However, for medical institutions that do not utilize collaborative healthcare platforms, the service capability of big data (SCBD) at the institutional level does not directly impact clinicians’ recall of prior medical knowledge (RPMK). Nonetheless, the medical big data assets (MBDA) at the institutional level significantly and positively influence clinicians’ RPMK. In other words, when medical institutions do not have direct or third-party collaboration platforms, healthcare professionals need to understand the quality of medical big data assets at the institutional level.

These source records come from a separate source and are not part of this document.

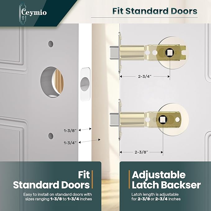 - 【Universal Door Latch】:Adjustable backset (2 3/8" or 2 3/4") and fits standard door thickness (1 3/8" to 1 3/4"). No need to measure - perfect for replacement or new installations!
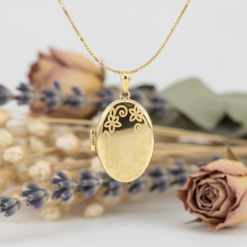 Nous avons choisi de vous proposer en collaboration avec la maison ce sublime pendentif photo ! Il est entièrement réalisé tout en or jaune 375/1000 (9K) pour vous offrir une belle couleur jaune. Il prend une forme ovale et nous dévoile sur son recto un motif de fleur très apprécié par les femmes. Ce pendentif photo vous permettra de glisser deux photos de votre choix. Une finition polie est également présente pour qu'il brille de mille feux.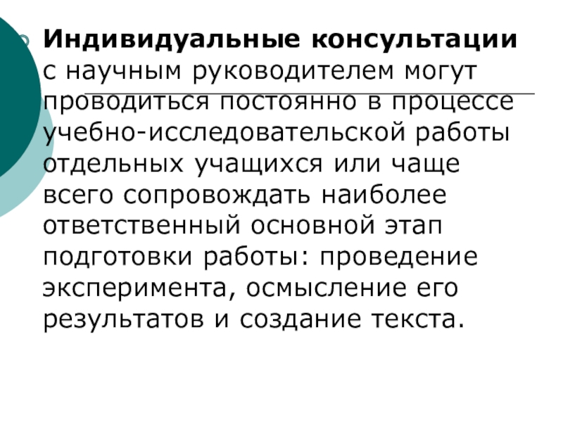 Слайд 27Индивидуальные консультации с научным руководителем могут проводиться постоянно в процессе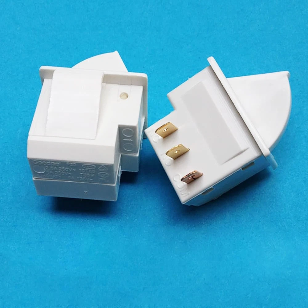 Keep your refrigerator or freezer properly lit with this 2-pack DSkoiph 3-Pin Door Light Switch Set , compatible with major brands like GE, Whirlpool, Maytag, Admiral, Amana, Kenmore, KitchenAid, and Magic Chef. These momentary switches are ideal replacements for faulty or worn-out door light controls, ensuring reliable operation and easy installation. Perfect for both top and bottom freezer models. Key Features Quantity: 2 Pieces Type: 3-Pin Momentary Door Light Switch Compatible Brands: GE, Whirlpool, Maytag, Admiral, Amana, Kenmore, KitchenAid, Magic Chef Function: Replaces worn or faulty fridge and freezer door light switches Easy Installation: Plug-and-play replacement design Durable Construction: Long-lasting performance Ideal For Refrigerator and freezer repair Appliance technicians DIY home appliance maintenance Replacing broken or defective door switches Rated Voltage: 125/250V AC. Rated Current: 2.5A 250V/6.0A 125V. Function: NC: Normally Closed, when refrigerator's door open it is close and light will be on. Universal compatible design, replacement for most Whirlpool, GE, Kenmore, Maytag, KitchenAid, Admiral, Amana, Crosley, Jenn-Air, Magic Chef refrigerators' door light switch. Connect pin size: 0.31"x0.19"x0.02"(LxWxThickness). Material: Plastic, Brass Package content: 2 x 3Pin Refrigerator Door Light Switch. Product Description Rated Voltage: 125/250V AC Rated Curren t: 2.5A 250V/6.0A 125V. Contacts Type: 1NO + 1NC + 1COM Number of Pins: 3 Pin Fitment: This light switch is single-pole and snap-in installation; Universal compatible design, replacement for most Whirlpool, GE, Kenmore, Maytag, KitchenAid, Admiral, Amana, Crosley, Jenn-Air, Magic Chef refrigerators' door light switch.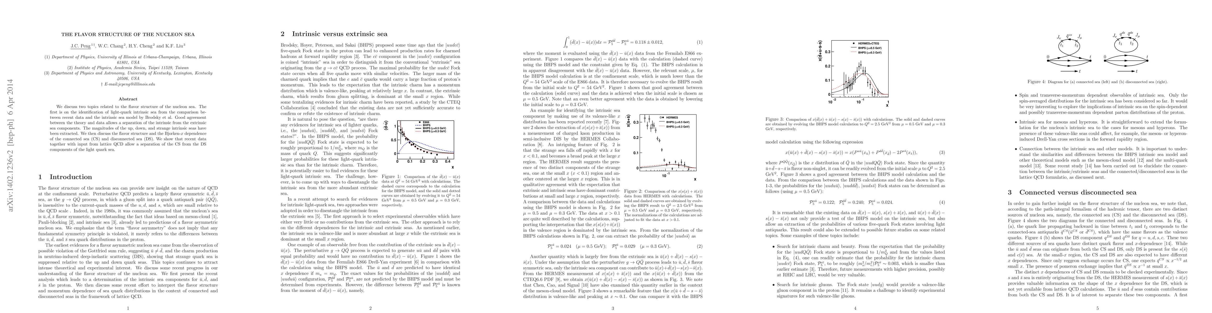 We discuss two topics related to the flavor structure of the nucleon sea. The first is on the identification of light-quark intrinsic sea from the comparison between recent data and the intrinsic sea model by Brodsky et al. Good agreement between the theory and data allows a separation of the intrinsic from the extrinsic sea components. The magnitudes of the up, down, and strange intrinsic seas have been extracted. We then discuss the flavor structure and the Bjorken-x dependence of the connected sea (CS) and disconnected sea (DS). We show that recent data together with input from lattice QCD allow a separation of the CS from the DS components of the light quark sea.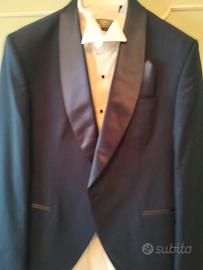 super occasione vendo smoking blu utilizzato una sola volta in occasione del matrimonio taglia L giacca e taglia 48 i pantaloni completo di Fascia colore Blue molto elegante. (Giusto per essere esatti io sono alto 1,88 ) tenuto benissimo ideale per le Grandi occasioni. facoltativo insieme c'è una camicia Bianca slim con bottoni Neri e gemelli ai polsi garantita l'eleganza. scarpe color nero lucido n45

The quality of medical big data assets at the institutional level (e.g., accuracy, completeness, integration, and comprehensibility) will greatly impact the activation of relevant knowledge during the diagnostic and therapeutic process. When medical big data quality is high, meaning that the information contained within is relatively complete, accurate, and easy to comprehend, the relevance of the diagnostic and therapeutic process is enhanced, and clinicians are better equipped to activate previously learned drug, diagnostic, and laboratory knowledge to provide better care for patients. This finding is consistent with previous research showing the importance of medical data quality at the institutional level [34]. Samadbeik et al. [34] emphasized the importance of medical data quality, which will affect hospitals’ financing/reimbursement and reuse in epidemiological or health service research [35, 36]. It will also improve the quality of care provided to patients, reduce disparities in access, improve patient outcomes, and better allocate resources [37]. However, this study further reveals the importance of the medical big data assets (MBDA) at the institutional level in medical institutions that do not use collaborative healthcare platforms.

Thirdly, the interplay of three key components involved in the realization of big data value, namely big data itself, technology, and services, impacts clinicians’ recall of relevant medical knowledge (RPMK). This study uncovers a broader range of diversified patterns of combinations among big data, big data technology, and big data service that affect RPMK, compared to prior investigations [1, 14, 20, 22]. Furthermore, the study investigates the differences in the interaction pathways of the three elements of big data value realization in two types of medical institutions: those utilizing remote medical collaboration platforms and those that do not.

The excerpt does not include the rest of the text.